André e Carol estavam de saída e me levaram para casa. André ainda se desculpou pelo amigo, como se fosse culpa dele o cara ser um ridículo. Desconfio que Carol pegou o último cara gato com caráter, e Lídia pegou o penúltimo. A nós, que sobramos, nos restam caras feios e caras gatos que se acham, como esse tal de Emílio. Deus me ajude para que eu nunca mais o veja! Fico feliz que os últimos restantes foram para duas amigas, sinto certo consolo nisso.
Volto os olhos para o Instagram e penso: se Crew for mau-caráter, pelo menos a beleza compensaria. E nós dois poderíamos ter uma noite tórrida nas praias da Santa Bárbara, onde ele mora. Eu ficaria satisfeita e voltaria para casa absolutamente tranquila em ser a tia que faz crochê e conta histórias picantes sobre um certo romance nas areias brancas da Califórnia.
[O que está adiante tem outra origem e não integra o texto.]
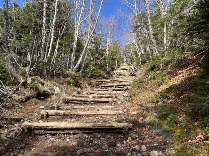 体力があれば初心者でも登れますが、急登なので上り下りにかなり神経を使います。
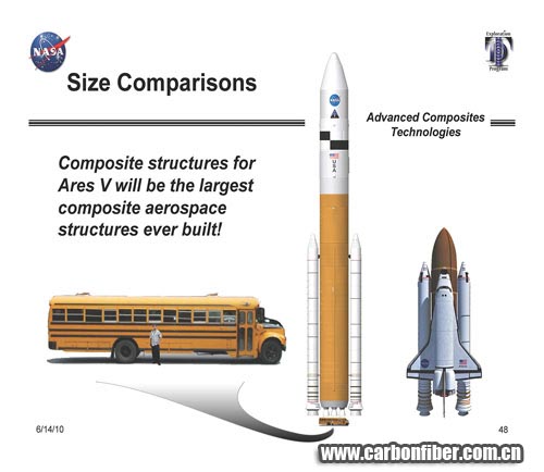 圖6 美國(guó)國(guó)家航空航天局(NASA)的運(yùn)載火箭(先前的“戰(zhàn)神V”)可以成為因采用OOA預(yù)浸料而節(jié)省大筆金錢的一個(gè)很好例證。該項(xiàng)目如果采用12m×24m的熱壓罐,估計(jì)成本達(dá)到$1億。NASA的復(fù)合材料與結(jié)構(gòu)高級(jí)顧問(wèn)Mark Shuart相信,一旦直徑達(dá)10m的火箭筒身部分被證明可以使用OOA工藝,那么航空航天復(fù)合材料的制造將發(fā)生極大的變化。圖片來(lái)源:NASA
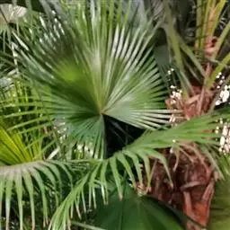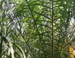 矮棕竹(学名:Rhapis humilis Bl.):丛生灌木,高1米或更高些,茎圆柱形,有节,上部被紧密的网状纤维的叶鞘,纤维毛发状,淡褐色。叶掌状深裂,裂片7-20片,线形,具1-2条肋脉,叶柄约与叶片等长,较细,两面凸起,边缘平滑。花雌雄异株,花序梗及每分枝基部为一个佛焰苞包着,小花枝纤细,枝条各部分被锈色鳞秕状绒毛;花蕾时为卵形,花萼杯状钟形,具不整齐的3裂。种子球形,直径约4.5毫米。花期7-8月。
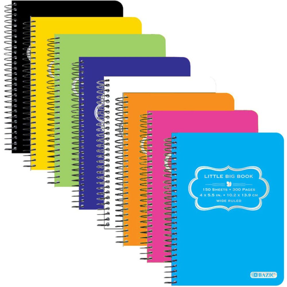 Wide ruled, spiral bound, with 150 sheets of micro perforated paper.

No mundo real onde vivo, infelizmente Crew não sabe que existo. Ele é um roqueiro e modelo inglês que vive nos Estados Unidos e não faz a menor ideia de que nutro uma paixão platônica por ele, apesar de eu curtir e comentar em todas as suas fotos, sem exceção. Será que eu preciso de ajuda médica?
Mensagens começam a chegar no meu celular.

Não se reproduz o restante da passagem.